Work request
With the pictures left aside, write out exactly the lines of the listing below from the line with "Vos souvenirs méritent" to the line with "Selling a 2008", both included, and only those.

Information
----------

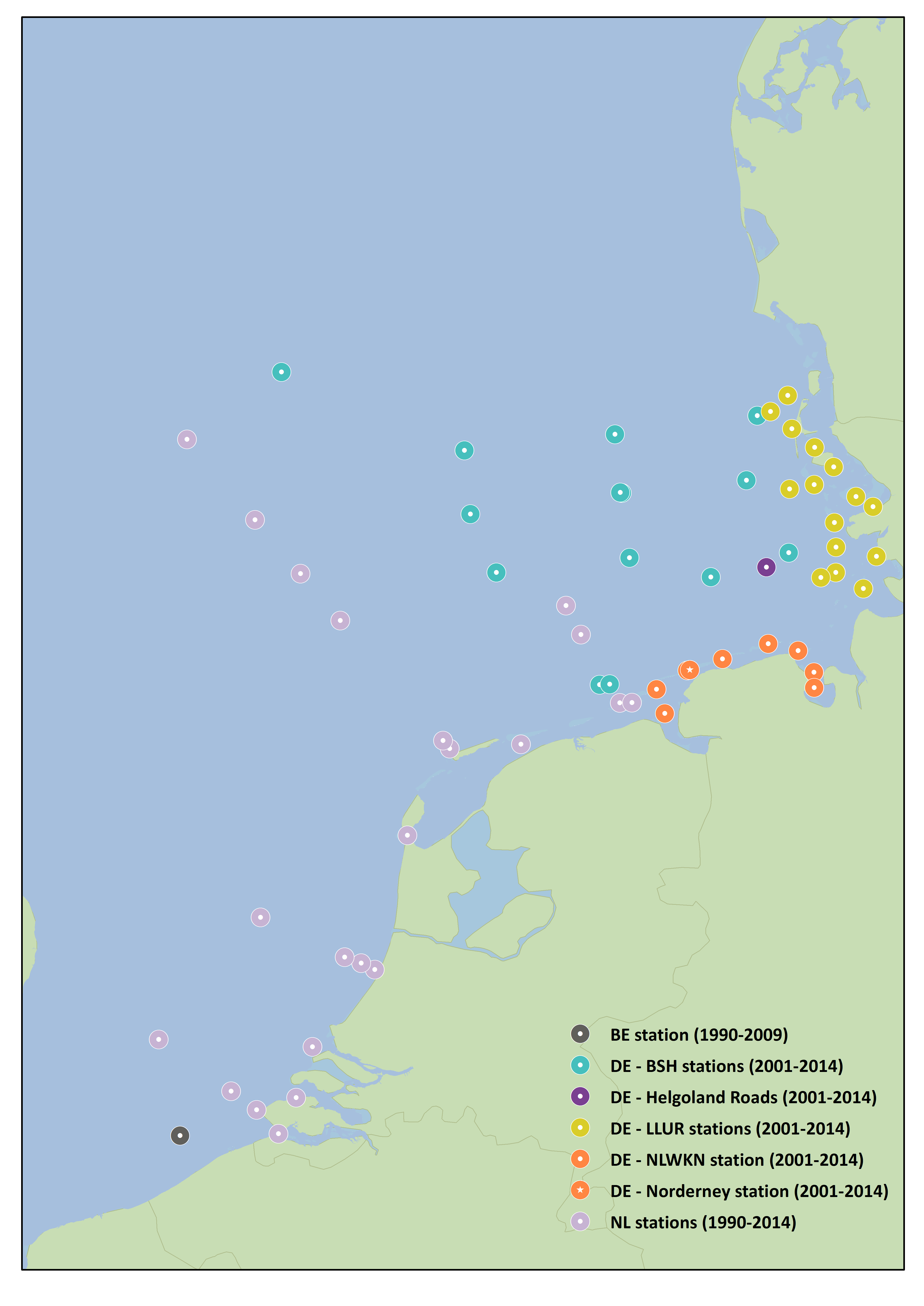 Figure 1: Sites monitored for Phaeocystis by Belgium (BE), the Netherlands (NL) and Germany (DE) (2003–2012)
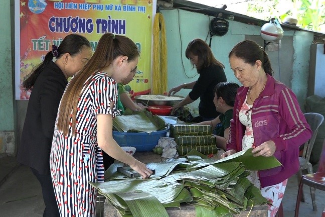 26 tết, đó là khoảng thời gian mà nhà nhà, người người đều bận bịu cho việc sửa sang nhà cửa để chuẩn bị đón tết, nhất là đối với phụ nữ, công việc lại càng nhiều. Thế nhưng nhiều năm nay, cứ vào ngày này, các chi hội trưởng phụ nữ của các thôn ở Bình Trị lại tập trung tại nhà của chị Trần Thị Tùng (thôn Châu Lâm) để gói bánh tét tặng phụ nữ nghèo. Năm nay, ngoài những đòn bánh tét, Hội LHPN xã Bình Trị còn làm thêm bánh thuẫn, bánh chưng để tặng cho phụ nữ nghèo. Các chị phân chia công việc khá rõ ràng và cùng nhau phụ trách cụ thể. Khi những đòn bánh tét được gói xong, các chị khác lại thực hiện công đoạn nấu bánh. Hơn 100 đòn bánh chưng, 50 kg bánh thuẫn đã hoàn thiện sau hơn 1 ngày làm vất vả nhưng tràn đầy niềm vui của chị em phụ nữ xã Bình Trị. Bà Nguyễn Thị Kiều - Chủ tịch Hội LHPN xã Bình Trị cho biết, ngoài 45 suất quà, mỗi suất trị giá 400.000 đồng đã trao cho các chị em phụ nữ nghèo trước đó, Hội LHPN xã còn tổ chức gói bánh tét để trao cho phụ nữ nghèo. Chương trình gói bánh tét đã duy trì nhiều năm nay không chỉ gìn giữ nét đẹp truyền thống của người Việt mỗi khi tết đến xuân về, mà ở đó còn thắt chặt tình đoàn kết, mối tương trợ giữa người với người, nhất là phụ nữ với phụ nữ cùng nhau để ai cũng có tết đầm ấm, yên vui.
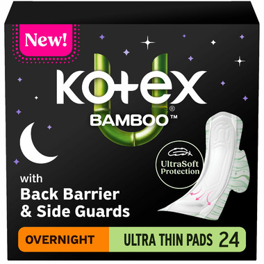 Night Defense: Kotex overnight pads provide overnight protection with back barrier and side guards to help prevent back and side leaks during sleep.
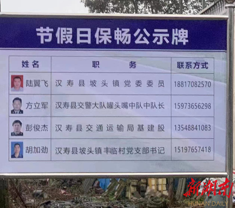 今年春运一开始,汉寿县委、县政府就组织号召全县各级各部门,共同联手,打造平安春运,把工作责任压实压牢在春运基层第一线。全县进一步启动路长制、推进交通保畅举措,所有道路包括乡村小道、县道、转角处等重新张贴路段责任人相关信息415条。
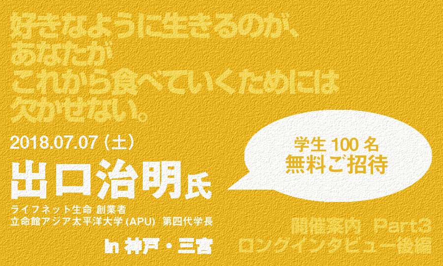 ぜひ7月7日、神戸での120分間、出口さんの“生の言葉”を、漏らさず聞いてみてください。あなたの人生が、きっと、よりシンプルに、力強くなります。そう、どうせだったら、好きなように生きていこうぜ!
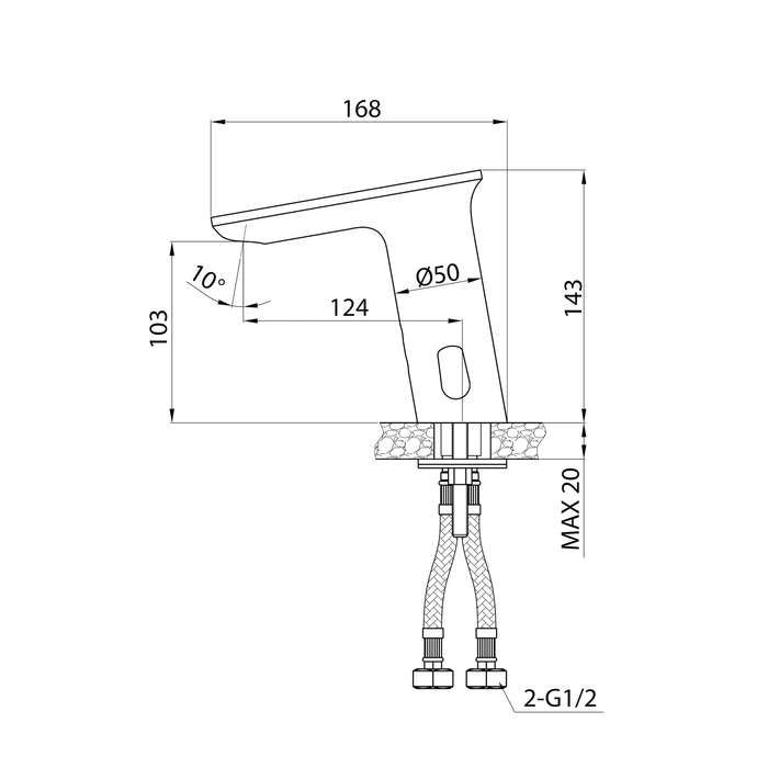 - Подключение к системе водоснабжения Гибкая подводка из нетоксичной EPDM резины в оплетке из нержавеющей стали, М10 - 1/2, длина 350 мм
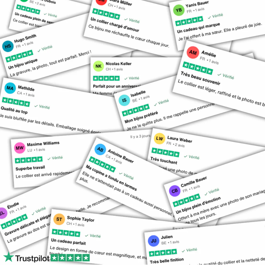 Vos souvenirs méritent le meilleur. C'est pourquoi nous utilisons de l'acier inoxydable 316, de l'or 18 carats et de l'argent sterling 925 pour une durabilité et une brillance maximales. Nos bijoux ne s'oxydent pas et ne rouillent pas, sont hypoallergéniques pour la plupart et ne se ternissent pas et ne deviennent pas verts.
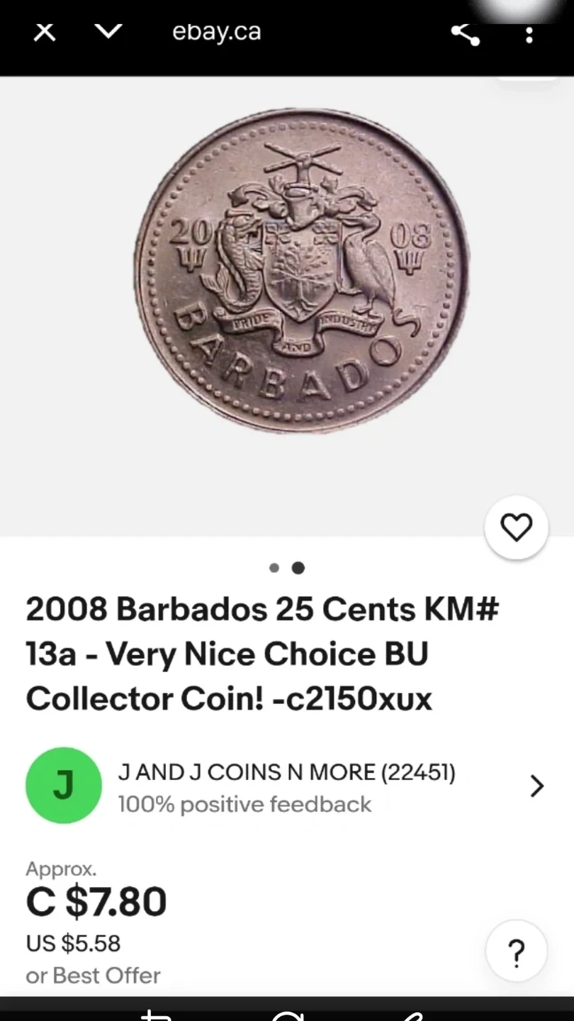 Selling a 2008 Barbados 25 Cents coin. It's in great condition and would be a nice addition to any coin collection.
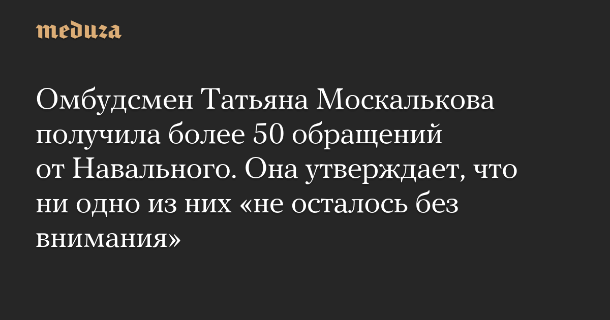 Омбудсмен Татьяна Москалькова получила более 50 обращений от Навального. Она утверждает, что ни одно из них «не осталось без внимания»
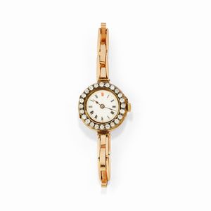 in oro giallo 18k, 9k e argento, Peso g 25,90 mm 26,00 cassa rotonda, quadrante bianco con numeri romani in smalto [..]
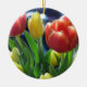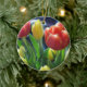 Ornement de tulipes. La tulipe néerlandaise rouge et jaune fleurit en ornement chaud de photo de lumière du soleil de ressort. Cet ornement de cadeau de fleur est entièrement personnalisable ! Ajoutez et personnalisez avec vos textes et images ! Un beau cadeau floral pour l'amant de fleur !
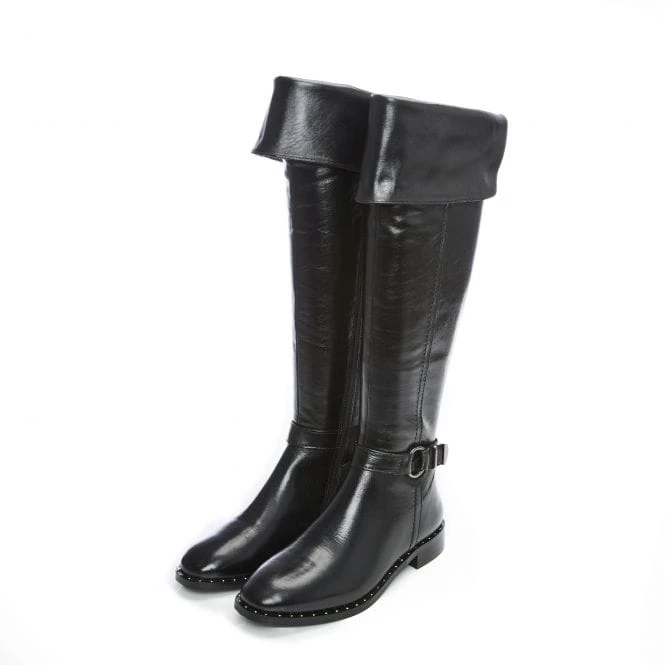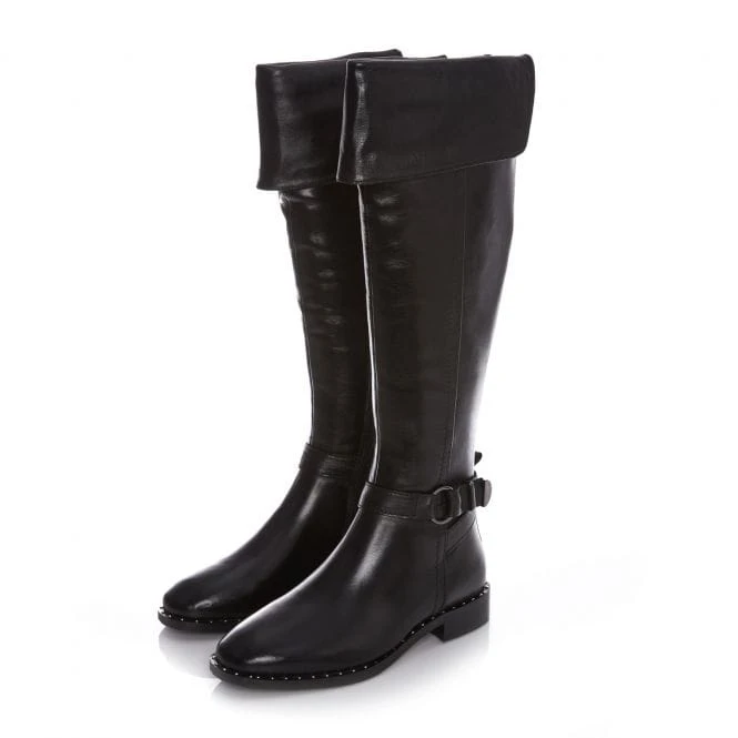 Take your look to the next level with Tori. This beautiful boot sits over the knee, whilst the elastic back allows the shoe to move with you and flawlessly fit your leg. Complete with pin stud rand detail and a cosy faux fur lining.
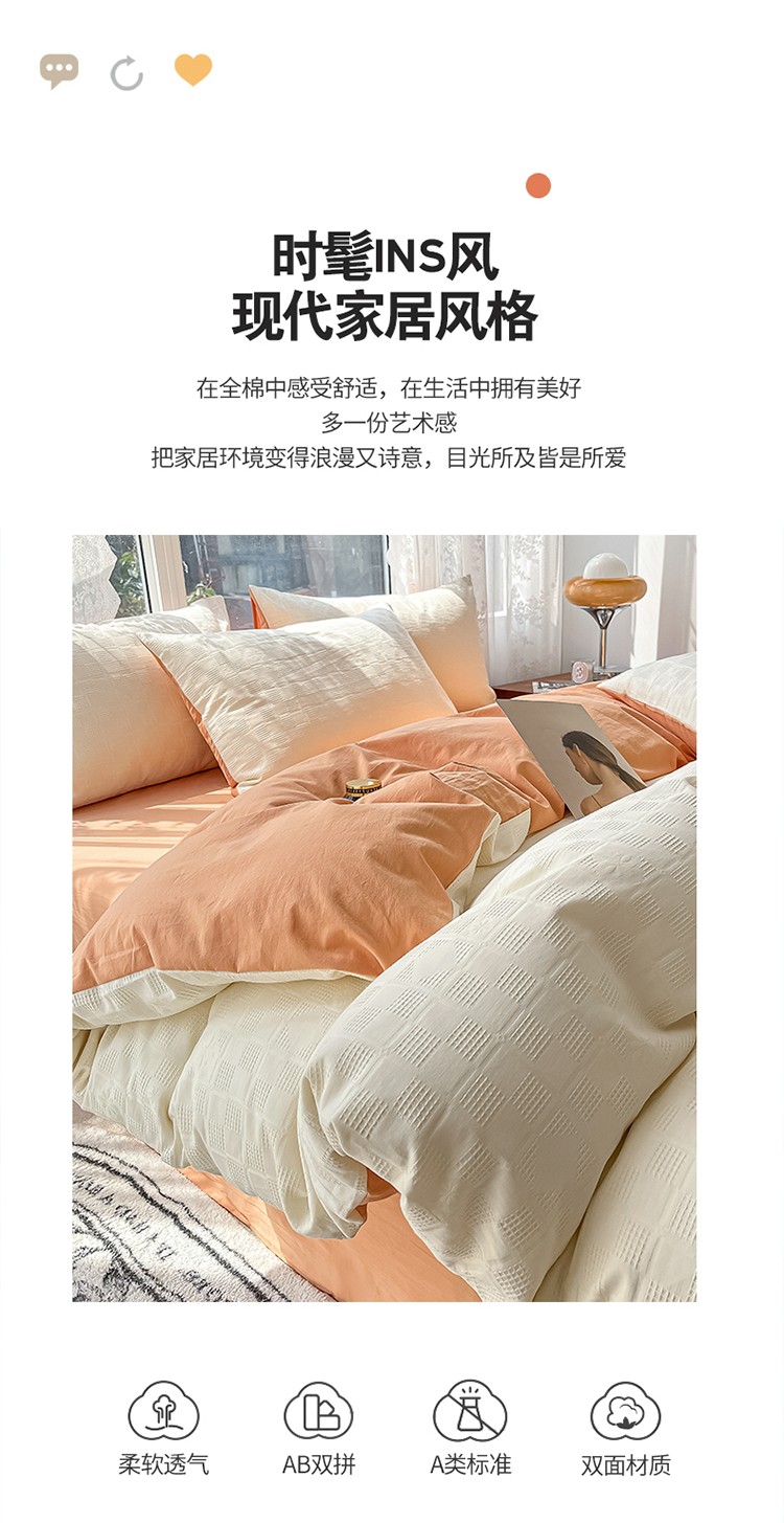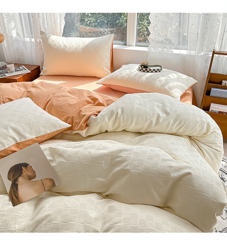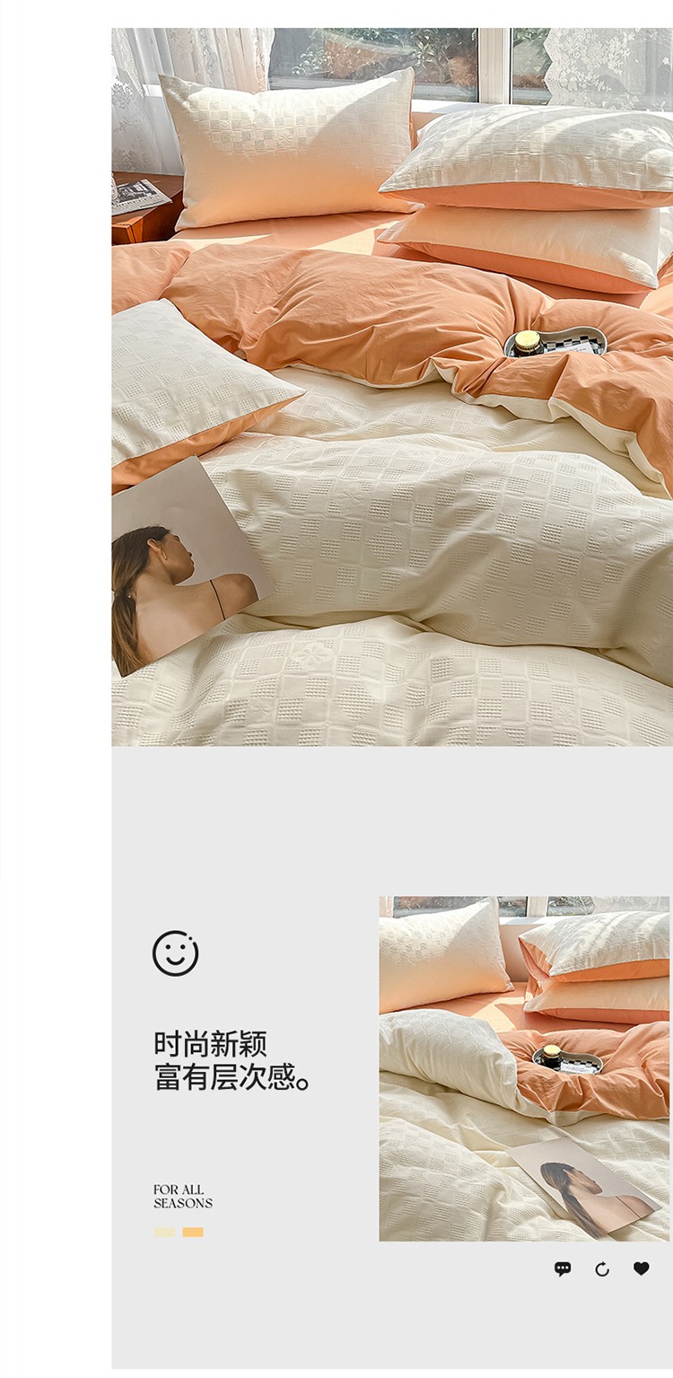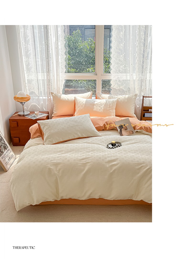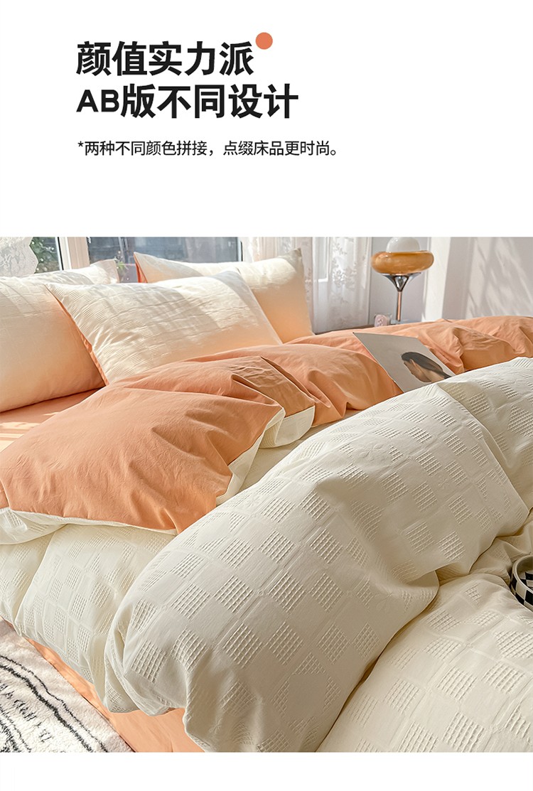 当前位置: 91家纺网 > 商品网购 > 床品套件 > 四件套 > 蓝米卡夫A类60S华夫格拼色款全棉系列四件套 米夫格-奶昔白+南瓜桔

----------

Reply to the exercise
 Vos souvenirs méritent le meilleur. C'est pourquoi nous utilisons de l'acier inoxydable 316, de l'or 18 carats et de l'argent sterling 925 pour une durabilité et une brillance maximales. Nos bijoux ne s'oxydent pas et ne rouillent pas, sont hypoallergéniques pour la plupart et ne se ternissent pas et ne deviennent pas verts.
 Selling a 2008 Barbados 25 Cents coin. It's in great condition and would be a nice addition to any coin collection.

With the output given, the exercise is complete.